When compositing, we still create an operation like before, by calling sna->render.composite_spans(). However, there are a few kind of primitives that we can be compositing, but our operations can only operate on rectangles. This means we have to have some way of turning our primitives into sequences of rectangles. We do this by iterating in software over every pixel in our primitive (see tor_blt()). This is expensive, so we spin up some threads to do it in parallel (see trapezoid_span_converter()). Each one of these threads shares the operation data structure, but gets its own buffer to populate with rects which cover their pixels. Once a thread’s buffer is populated, it calls the thread_boxes() operation function pointer (which internally deals with locks). The main thread waits on all the threads, and then calls the done() operation function pointer.

How to Modify the Pixels?

Now, the other problem: what goes on under the hood of an operation? The operations seem to attempt to use the blitter if possible, but fall back otherwise. The fill operation is actually pretty straightforward since there is a blitter command that does exactly what we want. sna_blt_fill_init() sets some state which represents the current command to XY_SCANLINE_BLT, and emits an XY_SETUP_*_BLT command. Then, sna_blt_fill() sets the function pointers to functions that will output the command followed by rectangular screen coordinates (see _sna_blt_fill_boxes()). A copy operation works the same way with XY_SRC_COPY_BLT_CMD.
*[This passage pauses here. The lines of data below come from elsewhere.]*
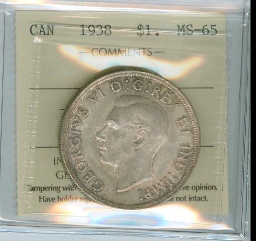 1938 $1 ICCS MS65. A Gem issue with a light hazel and pinkish tone. A very attractive example with lots of lustre.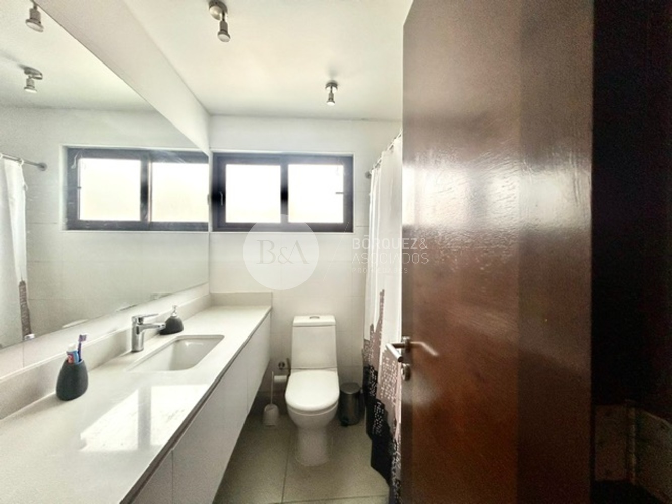 esta casa cuenta con 3 pisos, en el principal encontramos un living comedor amplio con salida a una gran terraza con vista, ideal para compartir en familia o con amigos, amplios espacios y luz natural, baño de visitas, cocina moderna con mesón central y comedor de diario, logia y cuarto de servicio con baño .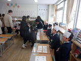 3組は、生活科「むかしのあそび」と国語「3組ショッピングモール」をしました。生活では、自分で決めた遊びの名人の目指してお家の方と協力しながら技を練習しました。「今日初めてできるようになったよ」「お父さんに教えてもらった」と子供同士でなくお家の方と協力していました。友達のお家の方に声をかけて一緒にしている姿もあり、自分から声をかける力が付いているなと感じました。国語では自分たちが決めた仲間に入る商品を準備して、店員となり元気に声をかけてお家の方に売っていました。振り返りでは、「人気商品はさつまいもうどんでした」「こえかけを変えたらもっと売れたかもしれない」と、ただ売るだけでなく考えながら売っていることがわかりました。協力していただいた保護者のみなさん、ありがとうございました。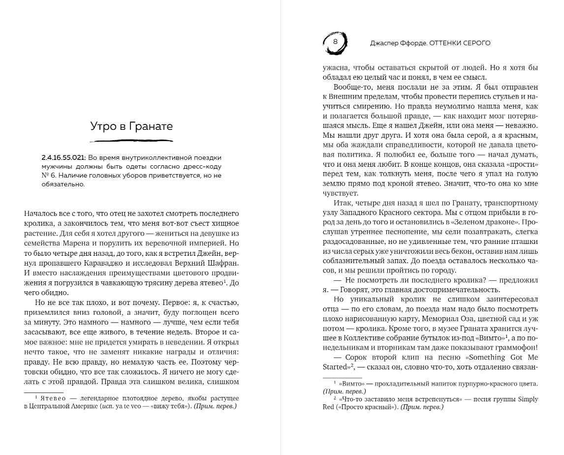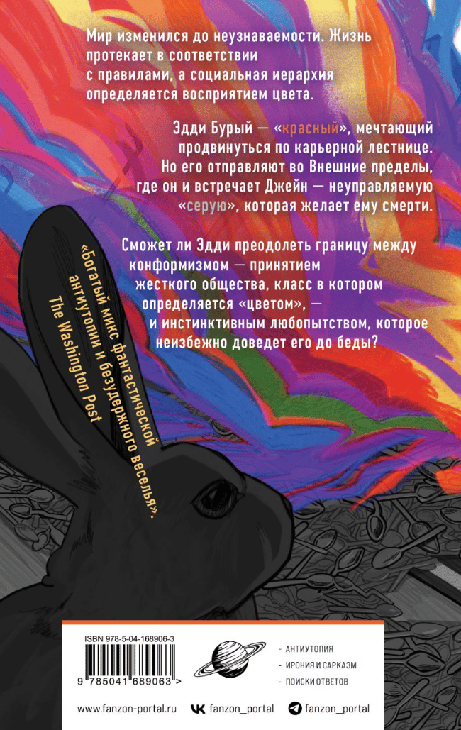 Молодой Эдди Бурый не стремится быть кем-то иным, кроме как верным трутнем Коллектива. С его более тонким восприятием красного цвета он вполне может жениться на Констанс Марена и унаследовать завод ее семейства. Возможно, у него даже хватит красного восприятия, чтобы занять должность перфекта. Для Эдди жизнь выглядит красочно. Жизнь выглядит хорошо. Но все меняется, когда он вместе с отцом, уважаемым цветоподборщиком, переезжает в Восточный Кармин. Там он влюбляется в «серую» по имени Джейн, которая открывает ему глаза на болезненную правду, скрываемую в кажущемся идеальным, но жестко контролируемом обществе. Любопытство — опасная черта, которую не стоит проявлять, — берет верх над Эдди, и он начинает задавать вопросы. Почему не хватает ложек? Что случилось с теми, кто не вернулся из Верхнего Шафрана? И почему, когда вы начинаете задаваться вопросом об окружающем мире, черно-белая определенность сводится к оттенкам серого?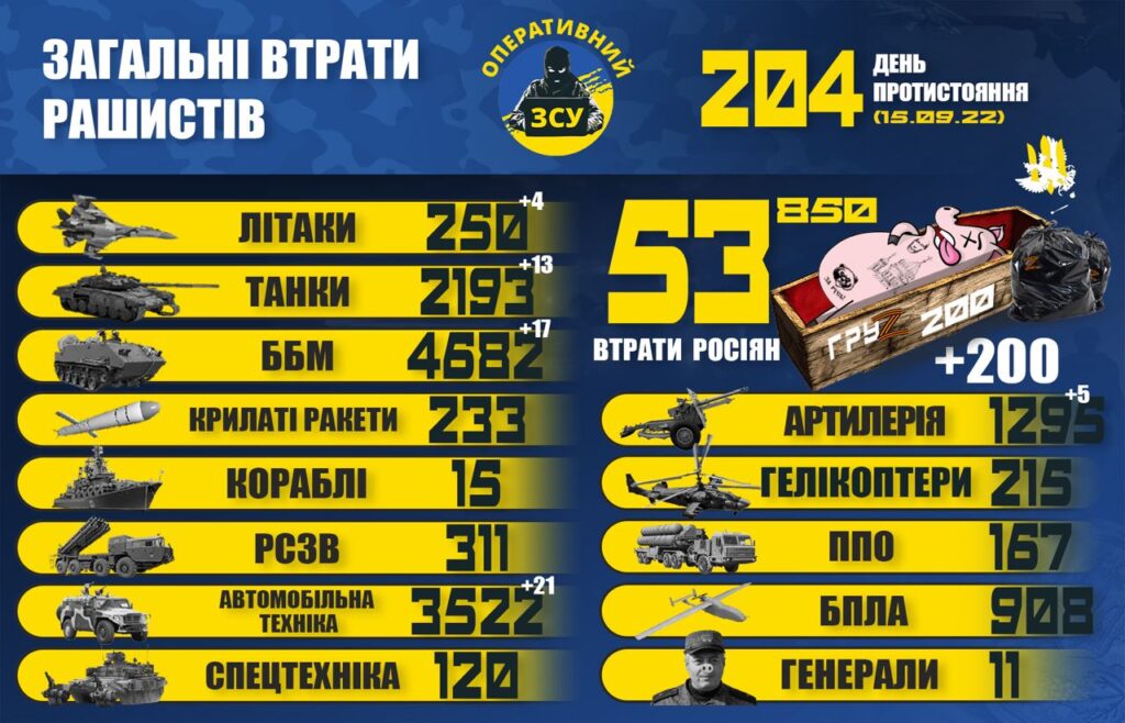 ЗАГАЛЬНІ БОЙОВІ ВТРАТИ ПРОТИВНИКА З 24.02 ПО 15.09 15.09.2022 0 304 views Відмінусовано 4 літака, 200 орків, 13 танків, 17 броньованих машин та 5 артилерійських систем. RELATED ARTICLESMORE FROM AUTHOR ГАЗЕТА “НАРОДНЕ СЛОВО” №40 ВІД 2 ЖОВТНЯ 2025 РОКУ ГАЗЕТА “НАРОДНЕ СЛОВО” №39 ВІД 25 ВЕРЕСНЯ 2025 РОКУ ГАЗЕТА “НАРОДНЕ СЛОВО” №38 ВІД 18 ВЕРЕСНЯ 2025 РОКУ LEAVE A REPLY Cancel replyLog in to leave a comment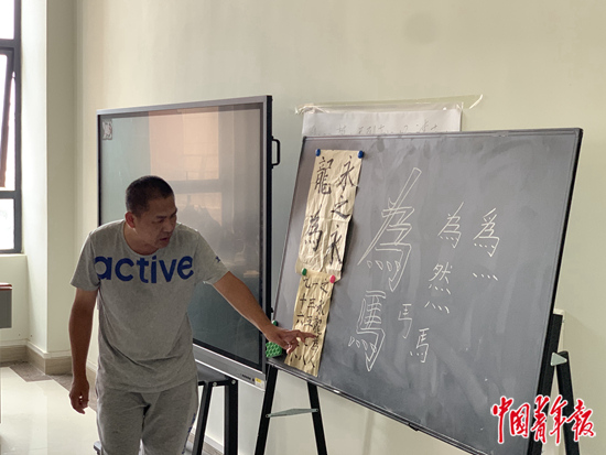 蔡偉在書法課上指導(dǎo)學(xué)生。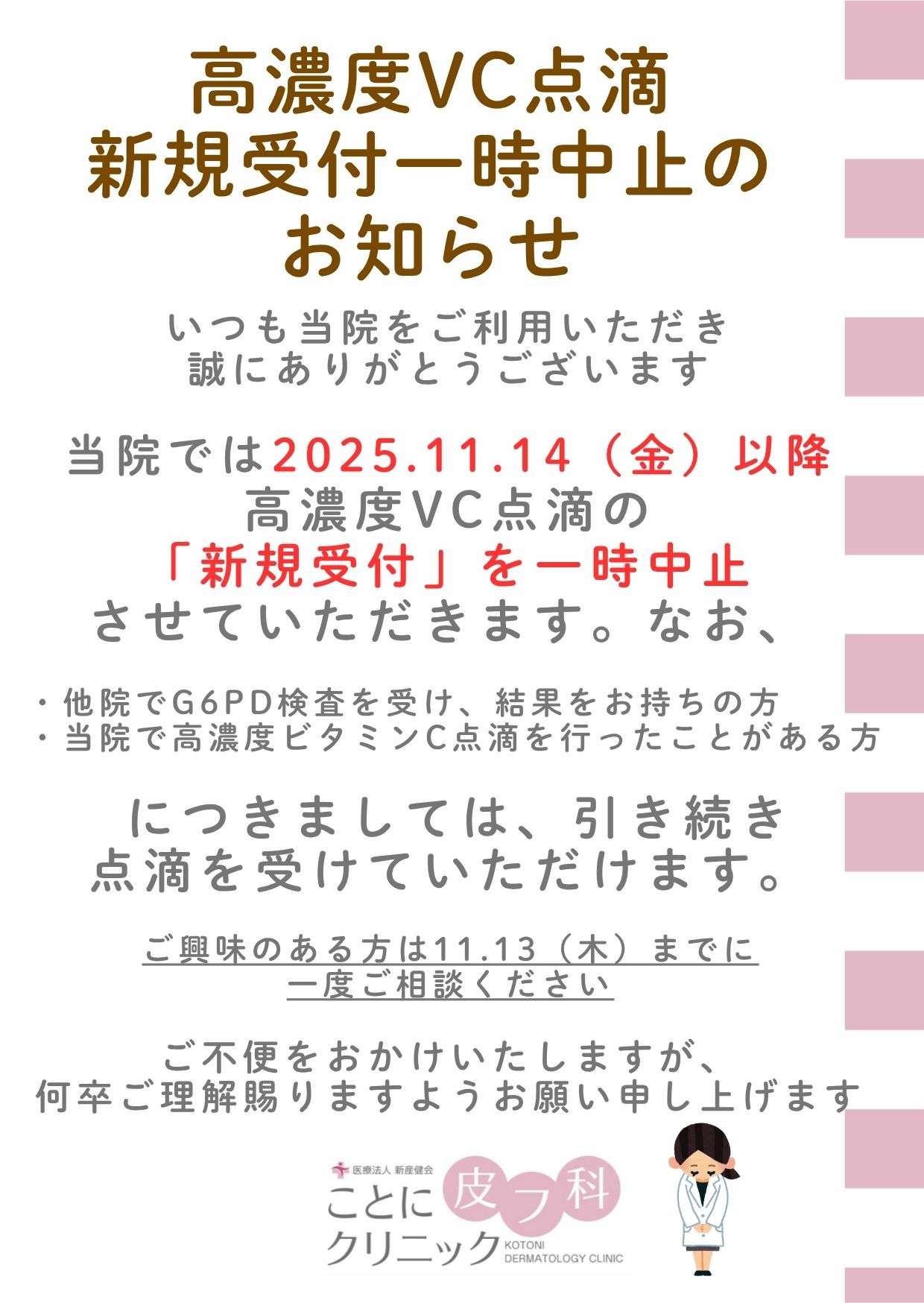 2025.10.17 お知らせ 高濃度VC点滴 新規受付一時中止のお知らせ こんにちは、ことに皮フ科クリニックです。 高濃度VC点滴新規受付一時中止のお知らせです。 これまでご興味をお持ちで、まだ高濃度VC点滴を行えていなかった方も、 ぜひこの機会に 11月13日(木)まで一度ご相談ください。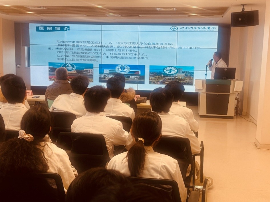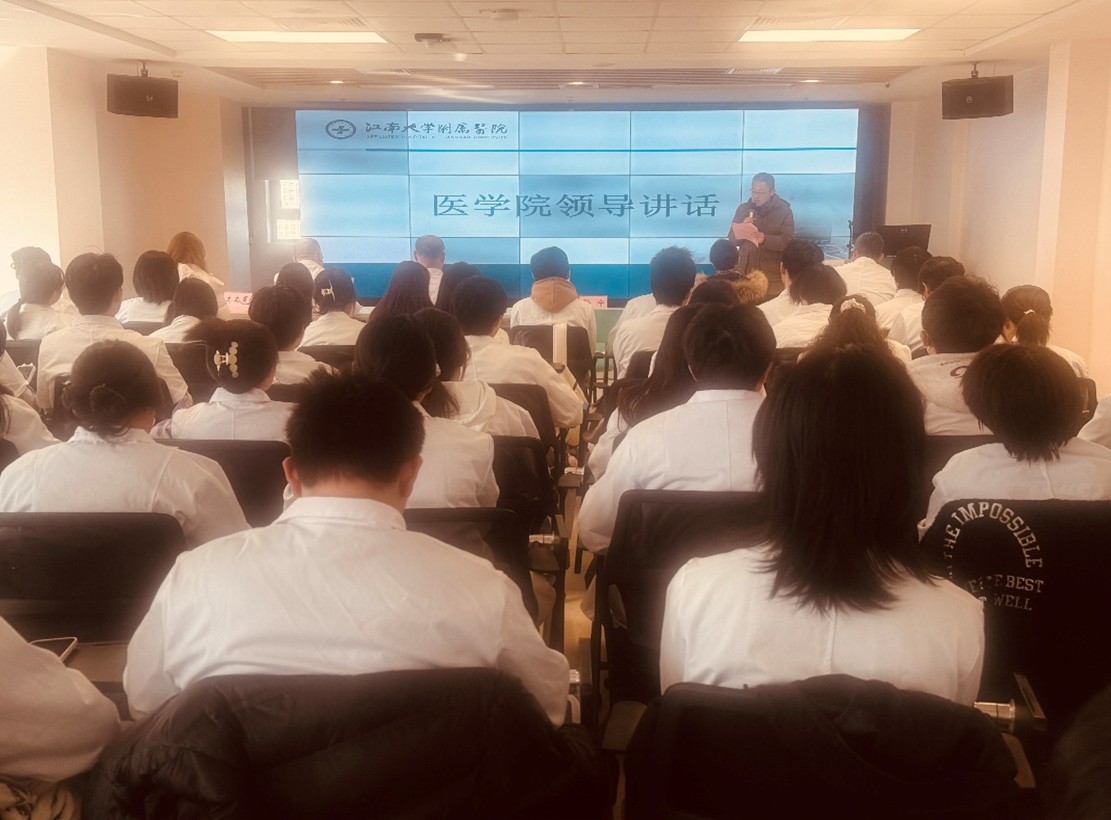 医院教育处对此次仪式给予了高度重视,精心部署。峁勇对同学们的到来表示热烈欢迎,附属医院是同学们将理论知识与临床实践深度融合的“练兵场”,是感悟医者仁心、锤炼临床思维的“大熔炉”,更是从医学生向准医生角色转变的关键起点;希望同学们能尽快融入国产传媒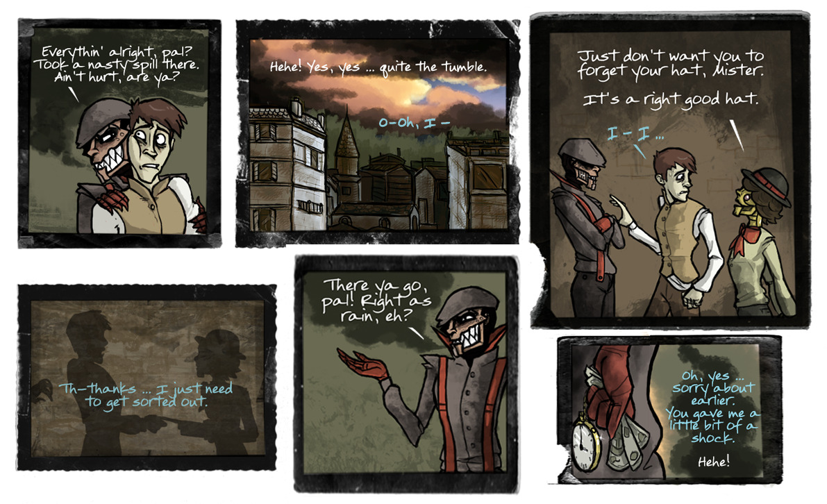 The fourth panel shows the shadows of the skinny man taking his hat back from The Jack and of Hare’s hand reaching for the man’s pocket. The man says, “Th-thanks… I just need to get sorted out.”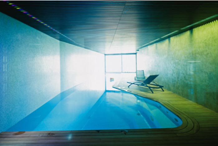 In the pool area was used as an alternative to simple colors of the interior of the house. In this area, highlighted by a lattice on the roof of black color and a golden wall, a sophisticated system of lights that range from purple to blue hues create an environment variable and appear from another dimension.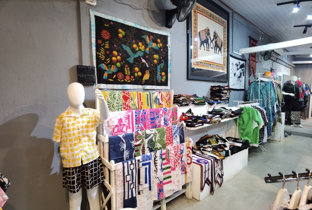 右手のスペースには、バティックやワンピースなどの洋服がずらり。スリランカのデザイナーによる独自のデザインは、お土産にもおすすめです。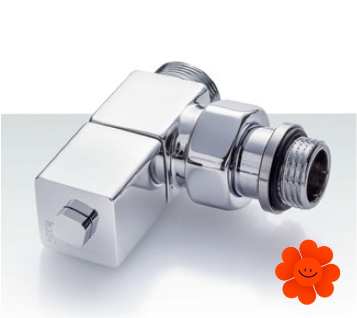 Das stilvolle rostfreie Ventil-Set Esedra enthält ein Regelventil, Verschlussventil und 2 Stücke der Klemmverschraubung für Kupfer- oder Al/PEX Rohre.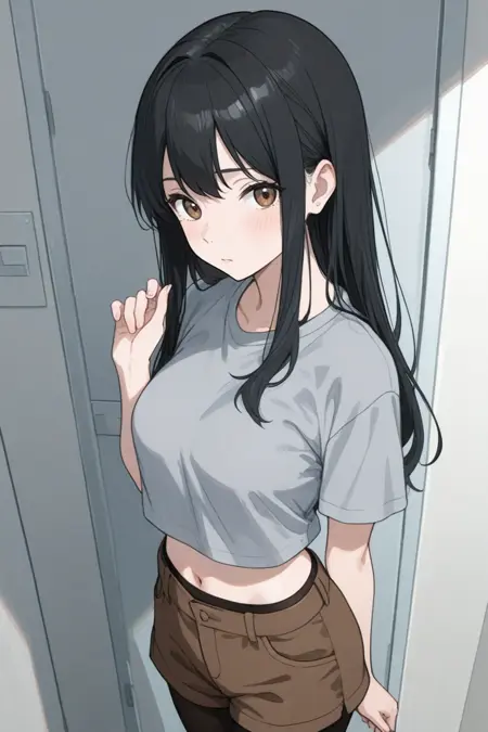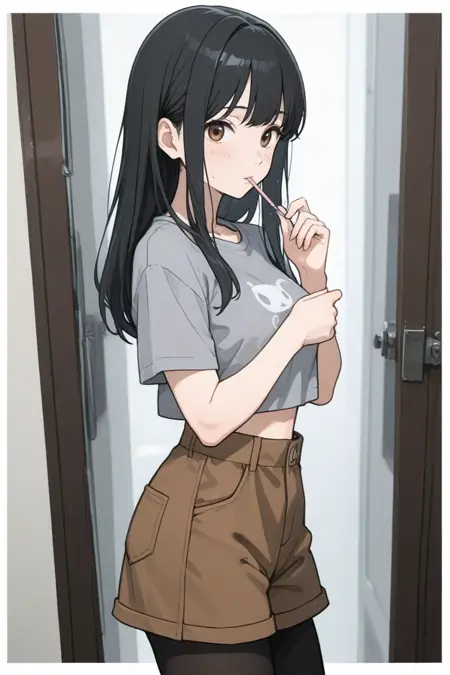 kana_kimishima,black hair,sidelocks,brown eyes, cropped shirt,brown shorts,black pantyhose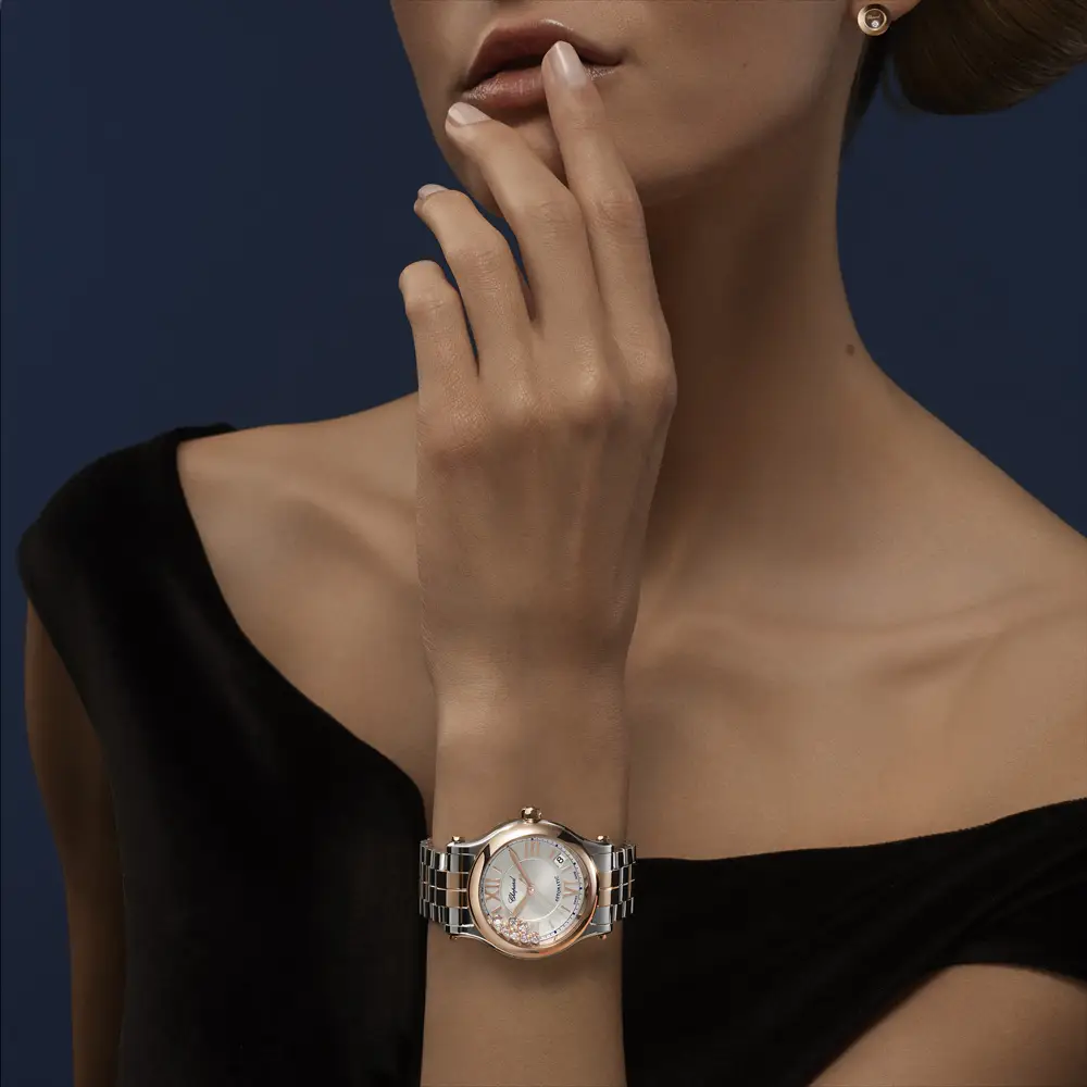 Эта элегантная модель из коллекции Happy Sport сочетает этическое розовое золото 18 карат и Lucent Steel™, создавая гармоничный биметаллический образ в овальном корпусе диаметром 36 мм. Серебристый циферблат с центральным гильоше дополняют фирменные свободно движущиеся бриллианты между двумя сапфировыми стёклами, придавая модели ювелирную, игриво-роскошную эстетику.

Compositing has the same general flow, except not all blend modes work with blitting. We detect the cases where the blend mode is supported in sna_blt_composite(), and then populate the same data structure. Currently it looks like filling, clearing, and putting are the only blend modes that are supported. These use the commands XY_COLOR_BLT, XY_SCANLINE_BLT, XY_SRC_COPY_BLT_CMD, and XY_FULL_MONO_PATTERN_BLT.

When drawing text, Xorg hands us the bitmap that we should draw. The bitmap is small, so we use the command XY_TEXT_IMMEDIATE_BLT to allow us to specify the bitmap literally inside the command stream.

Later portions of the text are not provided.